Manusia yang dirancang bagi kemuliaan tersebut telah kehilangan kemuliaannya. Ia telah melanggar perintah dari sang Penciptanya. Mereka menjadi rusak dan tidak berguna. Seperti halnya kita membeli sebuah komputer atau telpon seluler untuk digunakan, ketika barang tersebut tidak lagi mematuhi apa yang kita inginkan, sangatlah wajar untuk membuangnya dan membiarkannya berkarat hingga binasa. Demikianlah manusia telah menerima karatnya, ia semakin rusak dan menjadi-jadi—meskipun masih terlihat cercahan gemerlap kemuliaan yang seharusnya ada padanya. Cercahan tersebut berwujud menjadi benda-benda kesenian, tulisan-tulisan, dan kebudayaan yang demikian hebat—itu hanya cercahan kemuliaan yang dimaksudkan bagi manusia. Namun, semuanya telah korup dan rusak.

Itulah manusia, ciptaan yang mulia yang telah jatuh dalam dosa. Ini menjelaskan berbagai fenomena yang terjadi di dunia ini.

Tetapi Allah tidak diam saja. Ia menjanjikan bahwa pada kegenapan waktunya, akan datang seorang juruselamat yang akan membereskan karat tersebut. Ia, entah bagaimana, akan memugar karat kebinasaan tersebut dari manusia, bahkan dunia ini!

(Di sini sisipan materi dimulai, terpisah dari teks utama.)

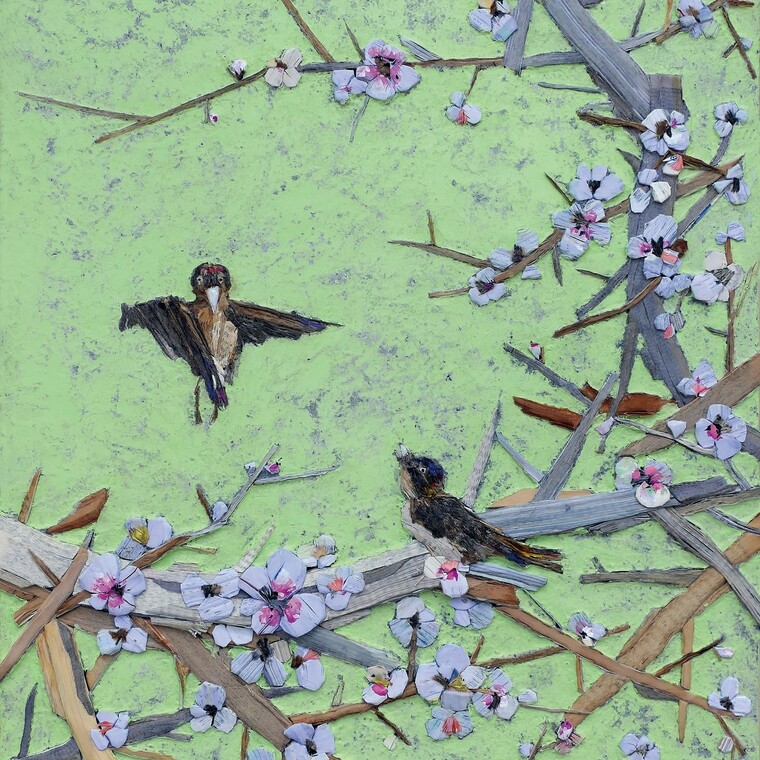 • [작가노트] “책들의 풍경 속” 나의 주변, 가장 가까운곳에서부터 작품을 위한 이미지를 선택한다. 나는 생산자라기 보다는 발굴가나 채집가에 가까운 태도로 이미지를 선택하며, 그들의 색과 명암이 소멸되고 사적인 감정이 배제된 축약적인 결과물로 추출되는 과정을 거쳐, 결국 그들의 대상으로부터의 출발과 이탈, 현실과 현실 부정, 그리고 실제와 이미지의 상반된 욕망 위에서 존재하게 된다. 이러한 의미에서 근작은 “책장 앞에 정리되지 않고 아무렇게나 쌓아놓은 책들”의 풍경 속에서 책이 가지고 있는 상징성을 이용한 시간과 공간, 화면의 확장을 위한 여러번 겹쳐 칠한 많은 선으로 이루어진 면들과 오브제를 통해 우리가 현실에서 흔히 볼 수 없는 환상의 공간이지만 우리가 감지할 수 있는 절대 공간이기도 한 그 속에서 울려 퍼지는 침묵의 소리를 표현하고 싶었다. [평론] 책으로 그린 자연이미지 식민지시대 최고의 문장가로 알려진 이태준은 책은 꼭 冊이라고 써야 제격이라고 말했다. 죽간본의 형태에서 따온 이 상형문자는 책이 꿰고 있는 많은 이야기를 함축해서 전달한다. 한 권의 책에는 너무 많은 말들이 고여 있고 응고되어 있다. 책을 펼치면 행간에 머물러 있던 무수한 말들이 기립해 다가온다. 활자들이 기지개를 켜고 망막으로, 뇌 속으로 함성처럼 스며드는 것이다. 책을 덮으면 다시 말들은 문자꼴로 결박되어 고요하다. 책장에 꽂힌 책의 등에 적힌 책의 제목은 그 책 안에 가득할 말들을 연상시켜 준다. 유혹한다. 무수한 책들로 가득한 책장이나 서재는 헤아릴 수 없는 말, 문자들로 가득해 울울하고 침침하다. 책을 펼치는 행위는 그 말들을 환생시키는 일이다. 그런데 이정웅은 책을 펼칠 수 없게 봉한 후에 오른쪽에서 왼쪽으로, 책의 경계에서 책등을 향해 단호한 칼질을 해댄다. 책을 잘게 썰고 토막낸다. 책으로 회를 떠낸다. 책을 망실시키는 행위이자 가혹한 훼손이다. 펼칠 수 없는 책, 읽을 수 없는 책으로 만드는 일이고 문자들을 죄다 붙여버리거나 칼에 의해 지워놓은 꼴이다. 모든 페이지는 접착제로 인해 들러 붙어버렸다. 그래서 펼칠 수 없다. 펼쳐지지 않는 책은 책이 아니라 사물, 오브제가 되었다. 그렇게 붙어버린 책은 불구다. 쓸모없는 책, 다시는 살아 날 수 없는 말들, 문자들, 모든 이야기의 죽음, 행간의 침묵이고 언어의 봉인이다. 온갖 책들이 이정웅의 칼과 본드에 의해 무참히 해체되었다. 이제 한 권의 두툼한 책은 얇은 띠로 바뀌었다. 수직으로 내려 그은 칼에 의해 지층으로 굳은 책의 일부가 흩어졌다. 그것은 문맥을 의도적으로 뒤바꾸고 동일한 시간 아래 다양한 내용들을 깊이로 내려가 떠낸 자취가 되어 고착되었다. 그렇게 작가는 책을 자르고 분쇄했다. 오로지 얇은 띠로 남겨진 책의 잔해는 원래의 책이 지닌 내용을 파기한 체 종이의 체적, 오브제로 남겨진 것이다. 수직으로 내려가 깊게 자른 칼은 책의 신체를 절개하고 토막 낸다. 잔혹하다. 이제 책의 몸은 사라지고 파편화된 책의 일부분만 처연하게 뒹군다. 작가는 그 조각, 파편들을 다시 추스려 화면 위에 부착했다. 콜라주 했다. 길쭉하고 약간의 두께를 지닌 그 조각들을 연결해 정물화나 초충도, 사군자 등을 연상시키는 그림을 그렸다. 부착했다. 식물 이미지와 새 이미지가 두드러지게 자리한다. 종이로 그림을 그리고, 종이를 집적해 일종의 부조, 입체를 만들었다. 이 오브제 회화는 무척 촉각적이다. 꽃과 나무, 풀과 새가 함께 그려, 부착되었다. 그러나 그것은 종이, 책의 단면들이 수평으로 자리하면서 만든 이미지, 흔적이다. 작가는 캔버스 화면에 붓으로 밑그림을 그린 후 그 위에 종이/책을 붙였다. 제각기 다른 길이와 두께, 드문드문 비치는 색상, 종이의 재 질, 오래되고 누렇게 빛바랜 종이의 상태들이 물감을 대신해 형상을 안긴다. 다양한 표정을 만든다. 붓, 모필로 밑그림을 그리고 그 위 에 그 필력이 고스란히, 더 생생하게 연상되도록 종이를 콜라주하고 있다. 그가 붙인 종이, 책의 단면에서 소리가 난다. 획의 소리가 난다. 그는 전통 문인화나 화조화를 새삼 책으로, 종이로 재현한다. 나로서는 정물화 보다는 사군자나 화조화 같은 것이 좋다. 앞의 것이 지나치게 장식적이고 작위성이 강하다면 후자는 필의 맛과 호흡이 느껴지고 더불어 가락이 있다. 흡사 남도 판소리 같은 가락 말이다. 분명 종이/책이 자연을 떠올려주고 식물과 나무로 환생했다. 작가는 책의 단면을 부착한 후 그 주변은 종이를 주물러 만든 종이죽(모든 이야기를 뒤섞고 혼합해버린)을 부착해 채워나갔다. 또는 아크릴과 핸디코트를 섞어서 칠을 하거나 색모래와 모래, 접착제 등을 혼합해 부착했다. 그에 따라 촉각적인 화면이 도포되었다. 그런 후에 그라인더로 단호하게 갈아내고 부분적으로 종이결을 깍아내어 속 도감, 시간성, 요철효과 등을 안긴다. 그는 칼과 그라인더, 접착제로 그림을, 조각을 하고 있다. 그라인더로 긁고 손으로 치고 모필로 밑 그림을 그리는 이 모든 행위의 저간에는 사군자를 치던 문인들의 제스처와 호흡, 운필의 리듬이 느껴진다. 기운생동이 감촉된다. 작가는 말하기를

Semua orang terkejut! Betapa tidak, juruselamat tersebut terlahir di dalam daging dan darah, sama persis seperti manusia yang hendak diselamatkan-Nya. Ia berjalan mengarungi tanah yang dijalani oleh ciptaan-Nya sendiri. Ia melakukan beragam hal yang mengundang kekaguman dan kebencian. Mereka yang merasa memahami Dia seringkali terkejut karena tindakan dan pikiran-Nya yang di luar dugaan. Mereka yang merasa tidak mungkin dan tidak layak bahkan untuk mendekat kepada-Nya, malah didekati-Nya dan diberikan pemahaman yang tersembunyi pada mereka yang berhikmat.

Ia tahu kapan Ia akan mati. Ia tahu bagaimana cara memugar karat yang sudah memborok dalam diri manusia tersebut. Ia memutuskan untuk mengambil semua borok dari karat-karat dunia ini, meletakkannya, menempelkannya—tubuh yang tidak pernah mengenal kejijikan yang demikian ngeri—kepada tubuh-Nya sendiri. Ia mati di atas kayu salib. Bukan karena aniaya manusia Ia mati. Sesaat sebelum kematian-Nya Ia memutuskan untuk menyerahkan hidup-Nya sendiri kepada Allah. Kata-Nya, “sudah selesai.”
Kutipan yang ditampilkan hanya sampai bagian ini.